→ Instructions to follow
Would you please repeat all of the data exactly, omitting the pictures?

→ Information supplied

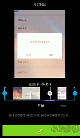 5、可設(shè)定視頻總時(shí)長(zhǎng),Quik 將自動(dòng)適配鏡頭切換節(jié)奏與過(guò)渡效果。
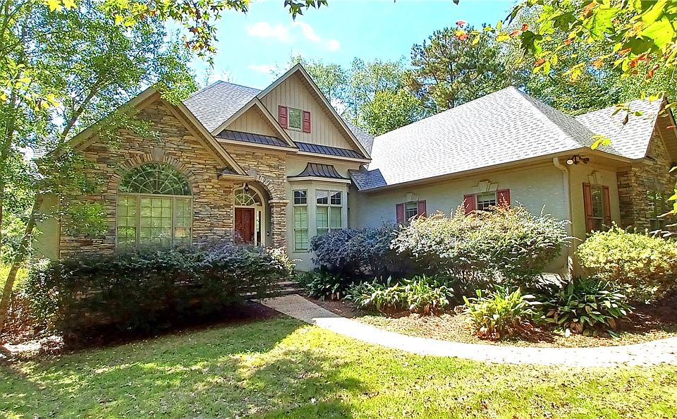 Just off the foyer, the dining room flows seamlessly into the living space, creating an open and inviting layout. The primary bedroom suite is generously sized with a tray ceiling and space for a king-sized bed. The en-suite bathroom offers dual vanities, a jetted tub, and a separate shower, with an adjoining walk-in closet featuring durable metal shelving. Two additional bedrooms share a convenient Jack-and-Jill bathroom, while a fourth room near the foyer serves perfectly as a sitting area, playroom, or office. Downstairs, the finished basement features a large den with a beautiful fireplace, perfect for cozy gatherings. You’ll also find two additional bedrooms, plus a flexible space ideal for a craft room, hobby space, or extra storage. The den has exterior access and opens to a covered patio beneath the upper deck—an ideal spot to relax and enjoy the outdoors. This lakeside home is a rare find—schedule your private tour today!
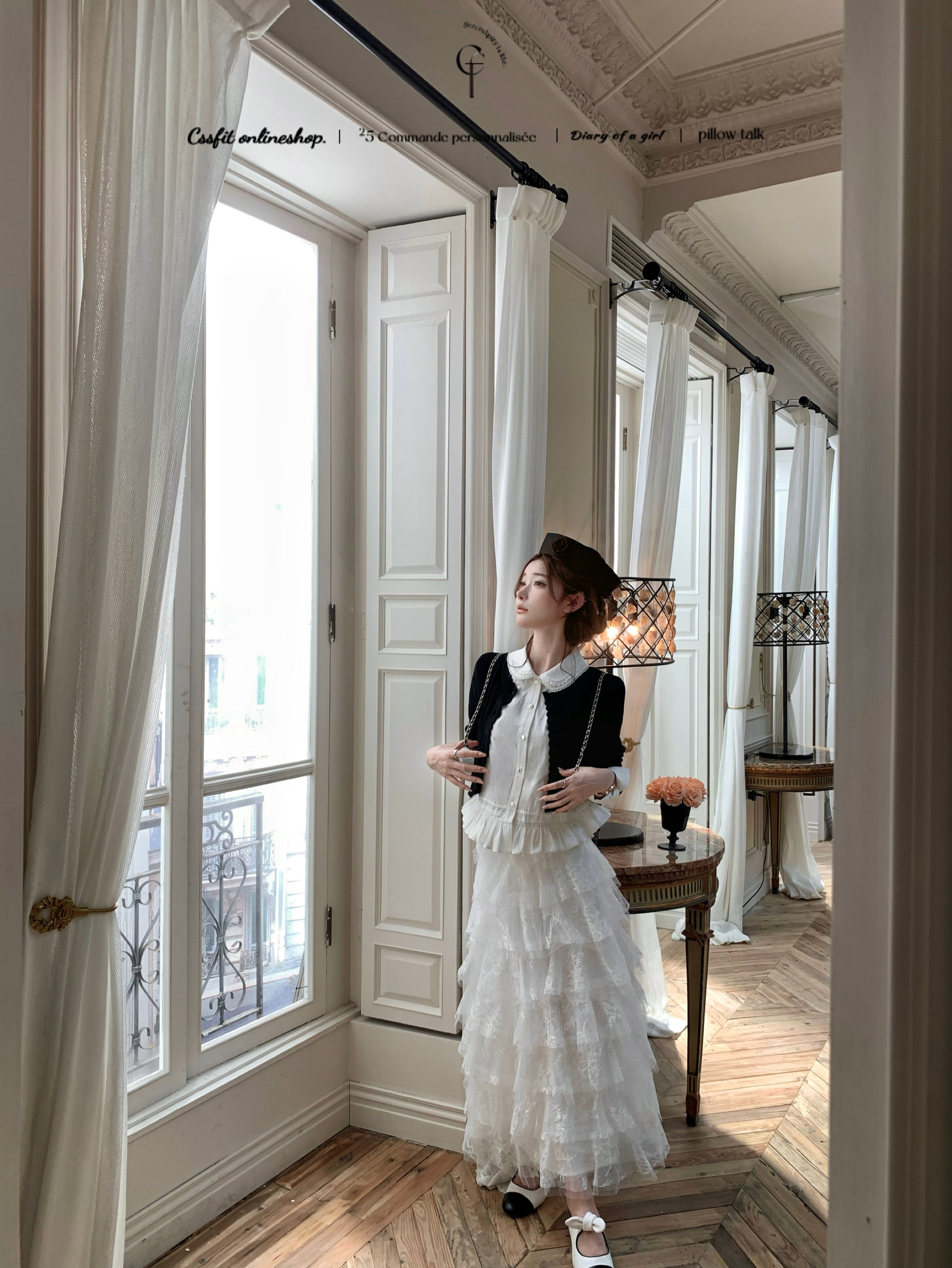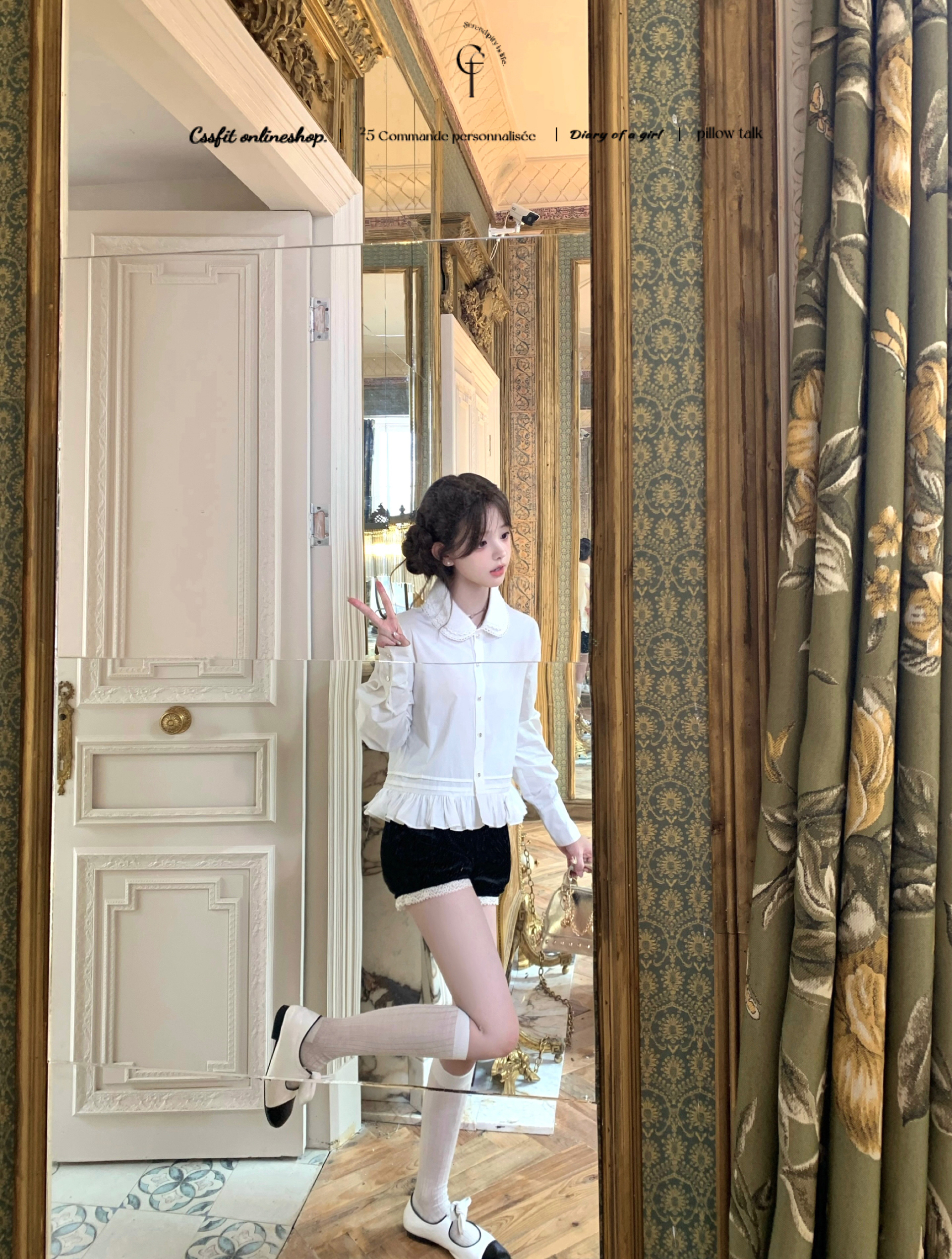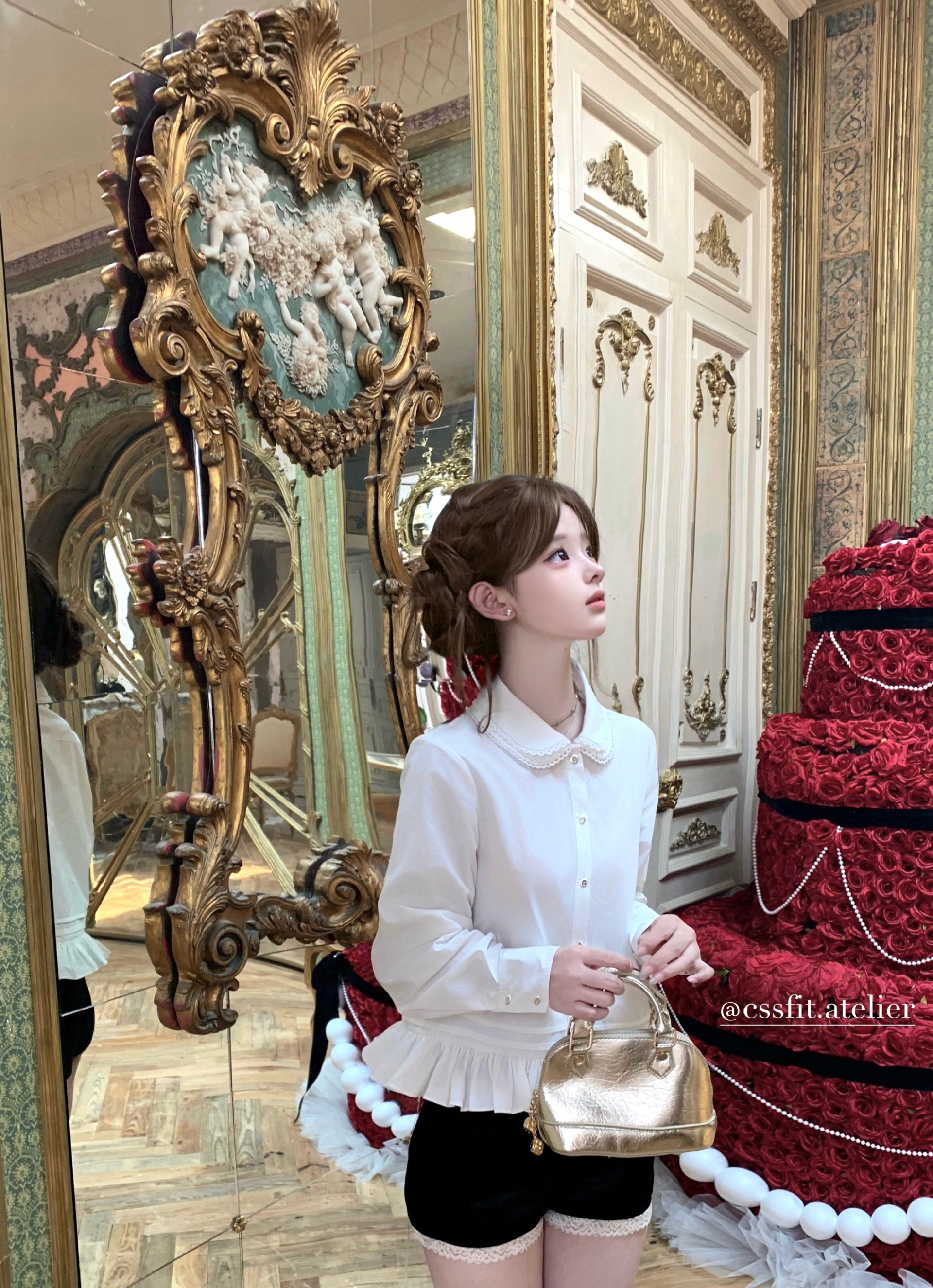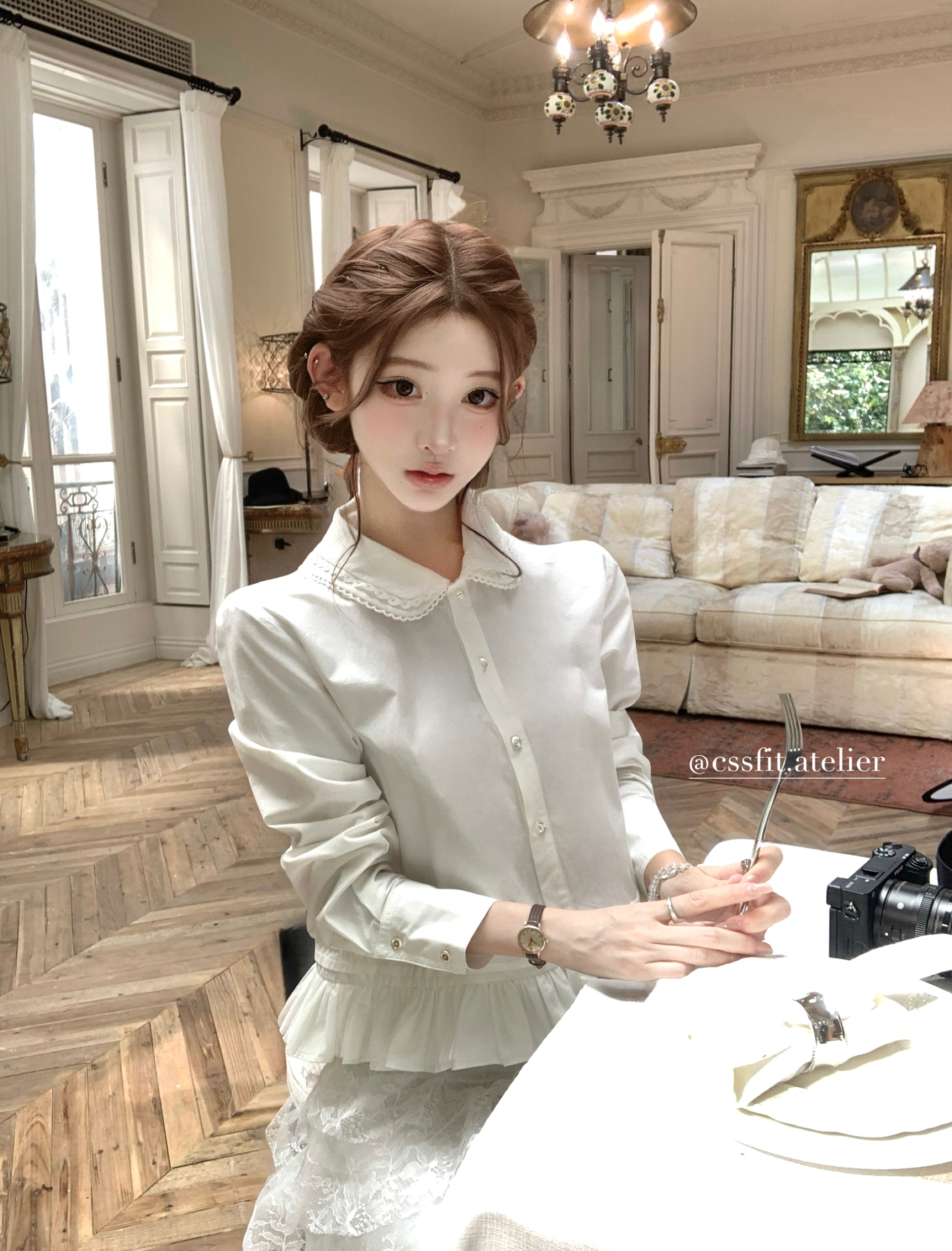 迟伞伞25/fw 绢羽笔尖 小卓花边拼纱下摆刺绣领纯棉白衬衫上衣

→ Response to the exercise
 5、可設(shè)定視頻總時(shí)長(zhǎng),Quik 將自動(dòng)適配鏡頭切換節(jié)奏與過(guò)渡效果。
 Just off the foyer, the dining room flows seamlessly into the living space, creating an open and inviting layout. The primary bedroom suite is generously sized with a tray ceiling and space for a king-sized bed. The en-suite bathroom offers dual vanities, a jetted tub, and a separate shower, with an adjoining walk-in closet featuring durable metal shelving. Two additional bedrooms share a convenient Jack-and-Jill bathroom, while a fourth room near the foyer serves perfectly as a sitting area, playroom, or office. Downstairs, the finished basement features a large den with a beautiful fireplace, perfect for cozy gatherings. You’ll also find two additional bedrooms, plus a flexible space ideal for a craft room, hobby space, or extra storage. The den has exterior access and opens to a covered patio beneath the upper deck—an ideal spot to relax and enjoy the outdoors. This lakeside home is a rare find—schedule your private tour today!
 迟伞伞25/fw 绢羽笔尖 小卓花边拼纱下摆刺绣领纯棉白衬衫上衣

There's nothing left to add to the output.